What you have to do: Every line of the listing should be retyped exactly, but none of the pictures should be.

Data extract:
+--

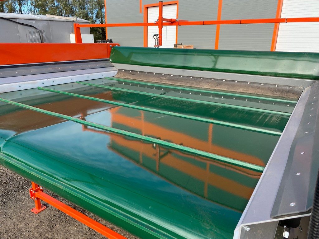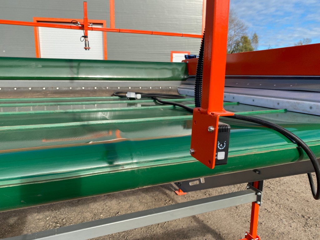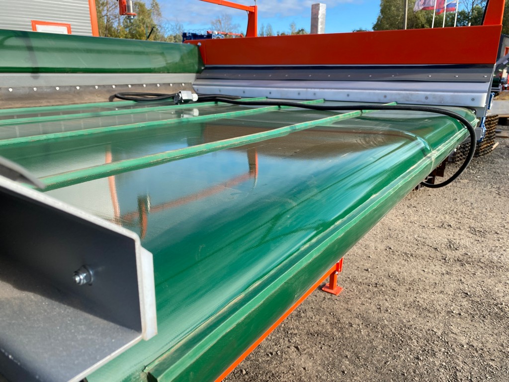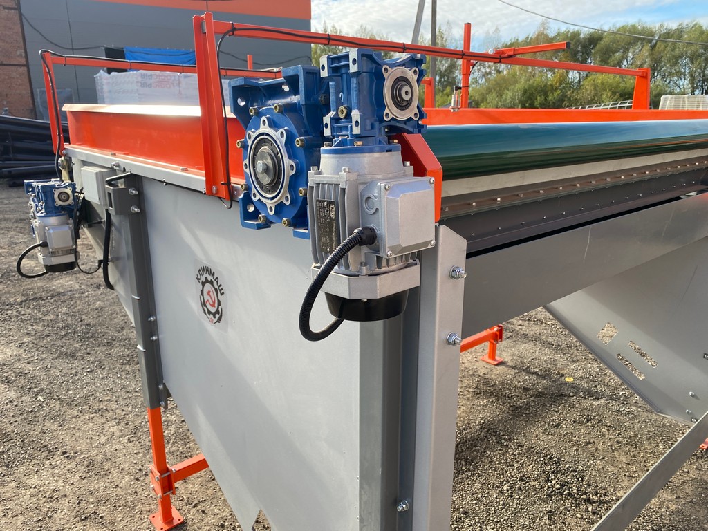 - Полиамидные пластины по краям транспортёра обеспечивают бережное скольжение потока, исключают лишнее трение продукта о металл и предотвращают попадание грязи во внутренний механизм конвейера.
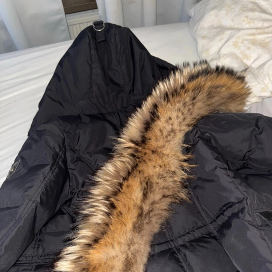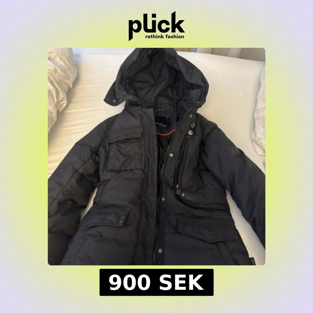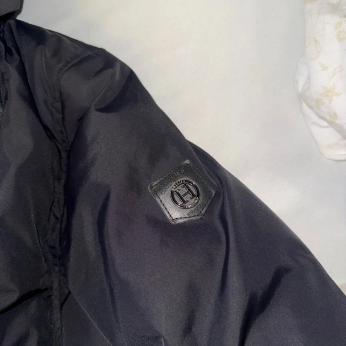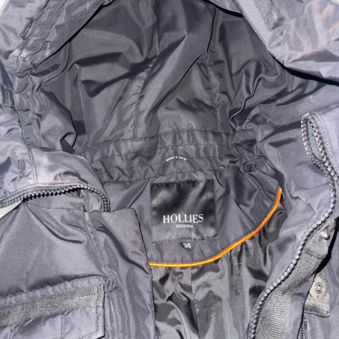 Säljer en svart dunjacka från Hollies med huva och flera praktiska fickor. Jackan har dragkedja och knappar framtill för extra skydd mot kyla. Perfekt för kalla dagar!
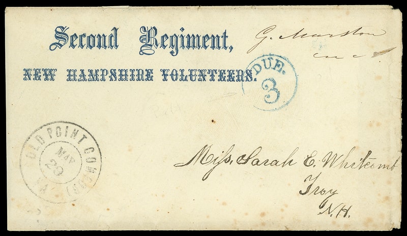 2d Regiment New Hampshire Volunteers, blue regimental imprint on patriotic cover with embossed Union and Constitution flap imprint, red and blue flap piping, entered mails with "Old Point Comfort, Va. May 29" cds and "G. Marston MC" free frank, Baltimore sharp blue " Due. 3 " in circle rating handstamp to Troy N.H.; reduced slightly at left, edge wear, F.-V.F., ex-Bischel .
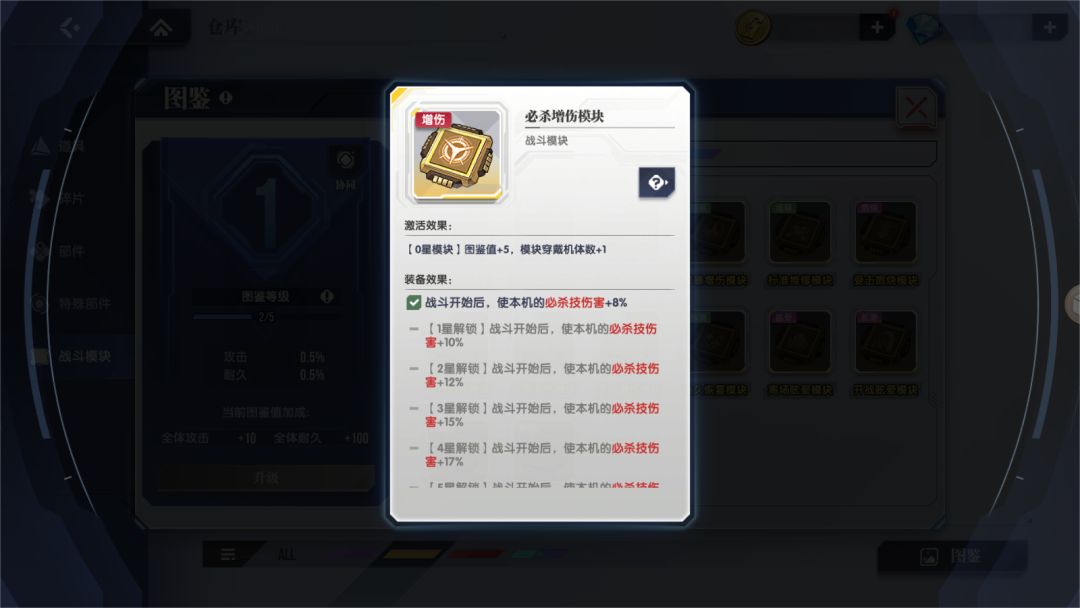 技能效果:装备了完美背包的强袭高达性能攻击能力大幅提升,本机的暴击率提升35%,暴击伤害提升50%,攻击提升15%。

+--

Answer to this task:
 - Полиамидные пластины по краям транспортёра обеспечивают бережное скольжение потока, исключают лишнее трение продукта о металл и предотвращают попадание грязи во внутренний механизм конвейера.
 Säljer en svart dunjacka från Hollies med huva och flera praktiska fickor. Jackan har dragkedja och knappar framtill för extra skydd mot kyla. Perfekt för kalla dagar!
 2d Regiment New Hampshire Volunteers, blue regimental imprint on patriotic cover with embossed Union and Constitution flap imprint, red and blue flap piping, entered mails with "Old Point Comfort, Va. May 29" cds and "G. Marston MC" free frank, Baltimore sharp blue " Due. 3 " in circle rating handstamp to Troy N.H.; reduced slightly at left, edge wear, F.-V.F., ex-Bischel .
 技能效果:装备了完美背包的强袭高达性能攻击能力大幅提升,本机的暴击率提升35%,暴击伤害提升50%,攻击提升15%。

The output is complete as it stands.